See spark logs on my local machine when using spark submit

  • If you are running Spark on local, spark2-submit should write logs to your console by default.
  • How to get logs written to a file?
    • Spark uses log4j for logging, and the log4j config is usually at /etc/spark2/conf/
    • This uses a ConsoleAppender by default, and if you wanted to write to files, an example log4j properties file would be:
# Set everything to be logged to the file
log4j.rootCategory=INFO, file
log4j.appender.file.layout.ConversionPattern=%d{yy/MM/dd HH:mm:ss} %p %c{1}: %m%n

This should write logs to /tmp/spark.log

  • On the analytics cluster (stat1007):
    • On the analytics cluster, running a spark job through spark submit writes logs to the console too, on both yarn and local modes
    • To write to file, create a file, similar to the one above that uses the FileAppender
    • Use the --files argument on spark-submit and upload your custom file:
spark2-shell --master yarn --executor-memory 2G --executor-cores 1 --driver-memory 4G --files /path/to/your/
  • While running a spark job through Oozie
    • The log4j file path now needs to be a location accessible by all drivers/executors running in different machines
    • Putting the file on a temp directory on Hadoop and using a hdfs:// url should do the trick
    • Note that the logs will be written on the machine where the driver/executors are running - so you'd need access to go look at them

Monitor Spark shell job Resources

If you run some more complicated spark in the shell and you want to see how Yarn is managing resources, have a look at

Don't hesitate to poke people on #wikimedia-analytics for help!

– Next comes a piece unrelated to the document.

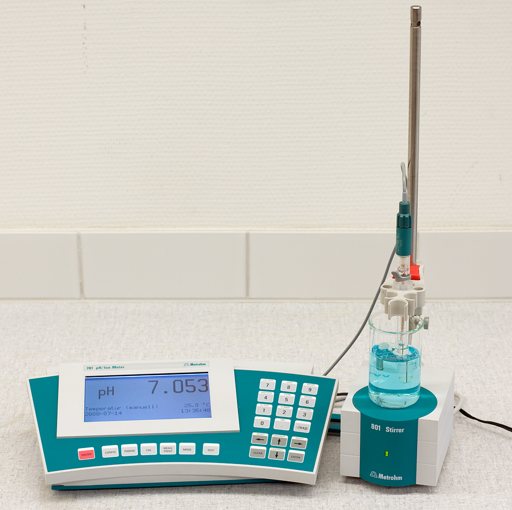 781 pH/Ion Meter pH meter manufactured by Metrohm
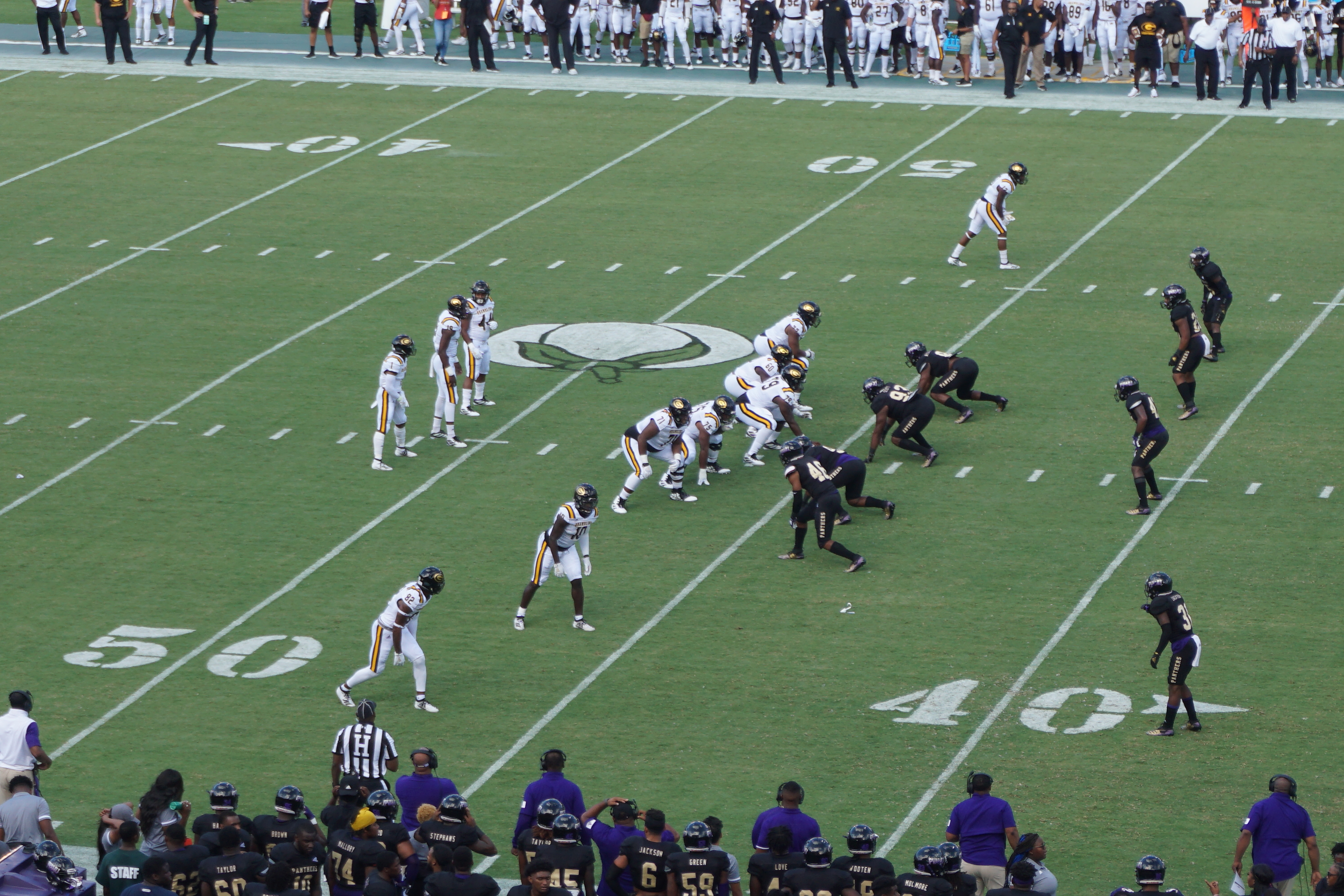 Grambling on offense during the 2019 State Fair Classic (Grambling State Tigers vs. Prairie View A&M Panthers) at the Cotton Bowl in Dallas, Texas (United States). Prairie View won 42–36.

Use Hive UDF with Spark SQL

Here is an example in R. On stat1007, start a spark shell with the path to jar:

spark2R --master yarn --executor-memory 2G --executor-cores 1 --driver-memory 4G --jars /srv/deployment/analytics/refinery/artifacts/refinery-hive.jar

Then in the R session:

sql("CREATE TEMPORARY FUNCTION is_spider as ''")
sql("Your query")

Spark and Jupyter notebooks

Spark is now supported in our hosted Jupyter notebooks. This is the preferred way to run Spark in a notebook.

Custom virtual environment

If however you want to run a Notebook with a specific python virtual environment, the solution is to set up the environment, and from it launch and connect to notebooks configured to work with spark. This approach does not use JupyterHub and requires connecting to a temporary notebook process.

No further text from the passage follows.